On a certain day, Tim invested $1,000 at 10 percent annual interest, compounded annually, and Lana invested $2,000 at 5 percent

annual interest, compounded annually. The total amount of interest earned by Tim’s investment in the first 2 years was how much greater than the total amount of interest earned by Lana’s investment in the first 2 years?
Business
1 answer:
just olya [345]3 years ago
4 0

Answer:

$5

Explanation:

The value of investment after two years of investment by Tim  can be calculate using the following formula:

Value of investment= P(1+i)^n

n=number of years=2

i=annual interest=10%

P= amount invested by Tim initially=$1,000

value of investment=1,000(1+10%)^2

                                =1,000(1.21)

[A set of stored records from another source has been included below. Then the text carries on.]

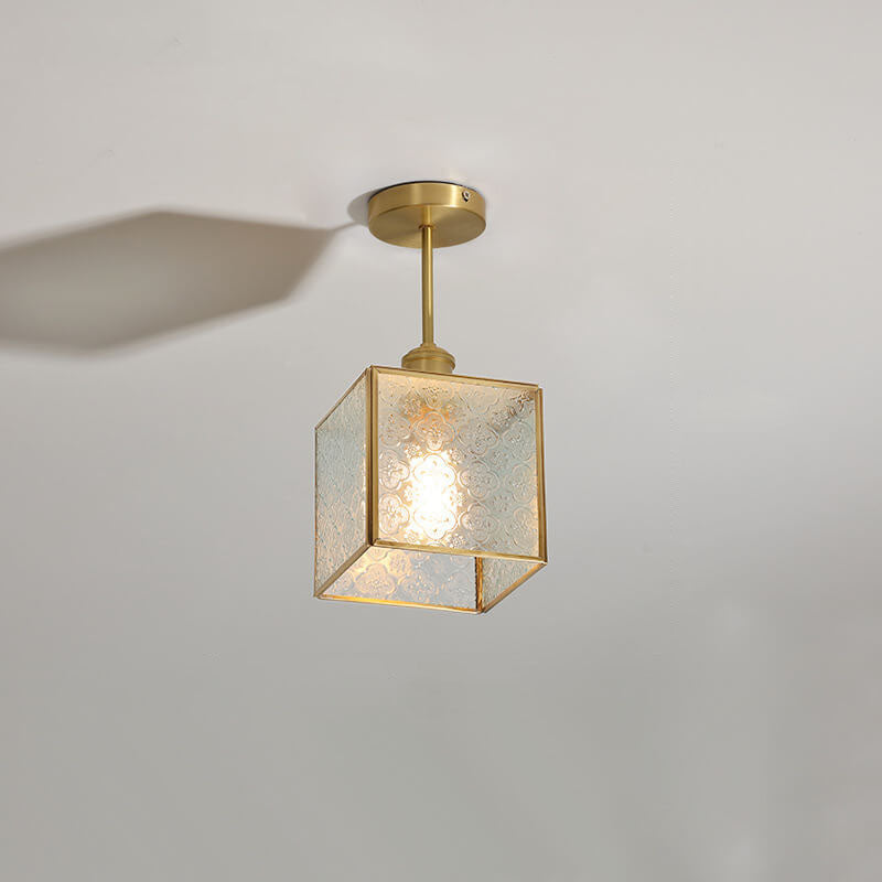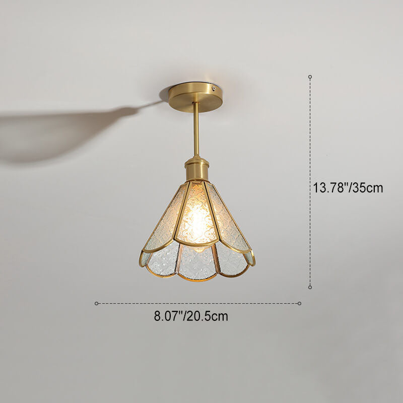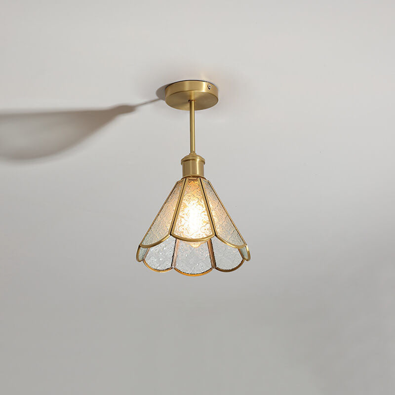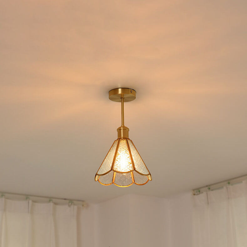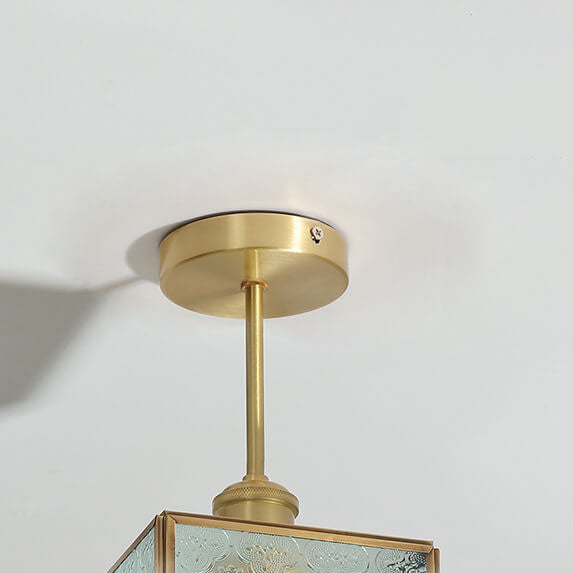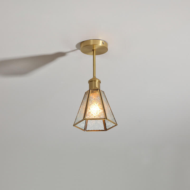 French Vintage Copper Gold Finish Frame Polygonal Glass 1-Light Semi-Flush Mount Ceiling Light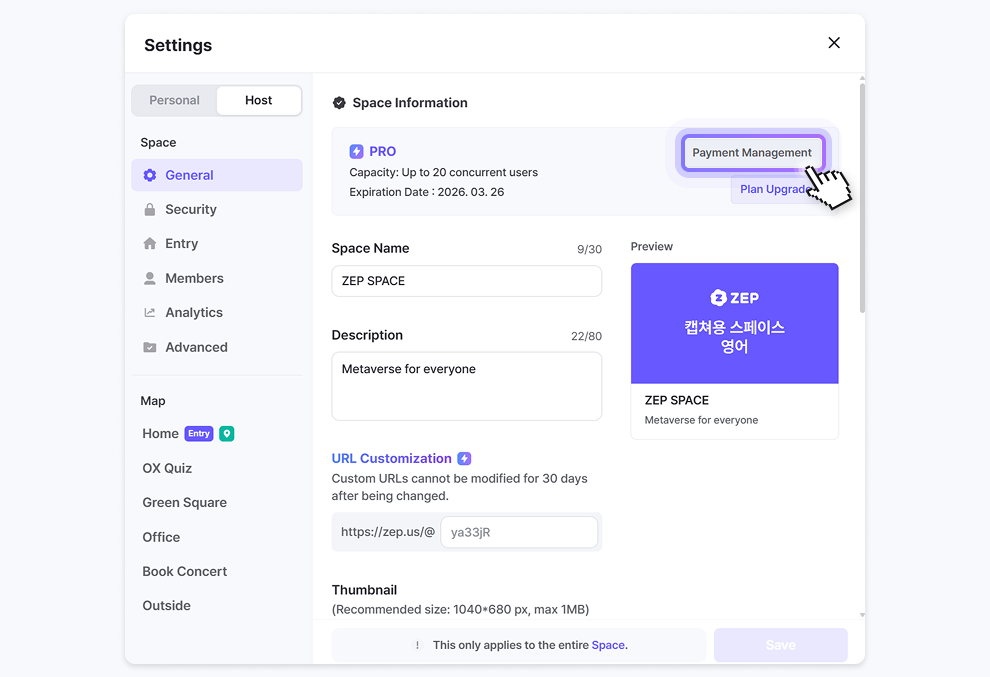 Go to the settings of the space you want to upgrade, then navigate to [General] tab and click the [Plan Upgrade] button.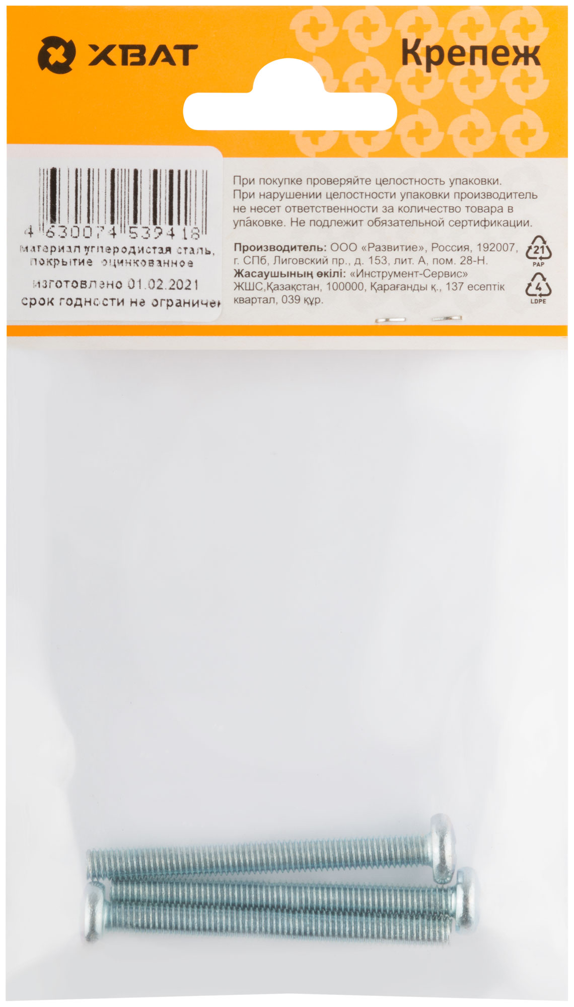 Винт с метрической резьбой и полуцилиндрической головкой с крестообразным шлицем изготовлен из стали и имеет оцинкованное покрытие, что обеспечивает долговечность и стойкость к коррозии.

                                =1,210

Interest earned by tim over the two years=1,210-1,000=210

The value of investment after two years of investment by Lana can be calculate using the following formula:

Value of investment= P(1+i)^n

n=number of years=2

i=annual interest=5%

P= amount invested by Lana initially=$2,000

value of investment=2,000(1+5%)^2

                                =1,000(1.1025)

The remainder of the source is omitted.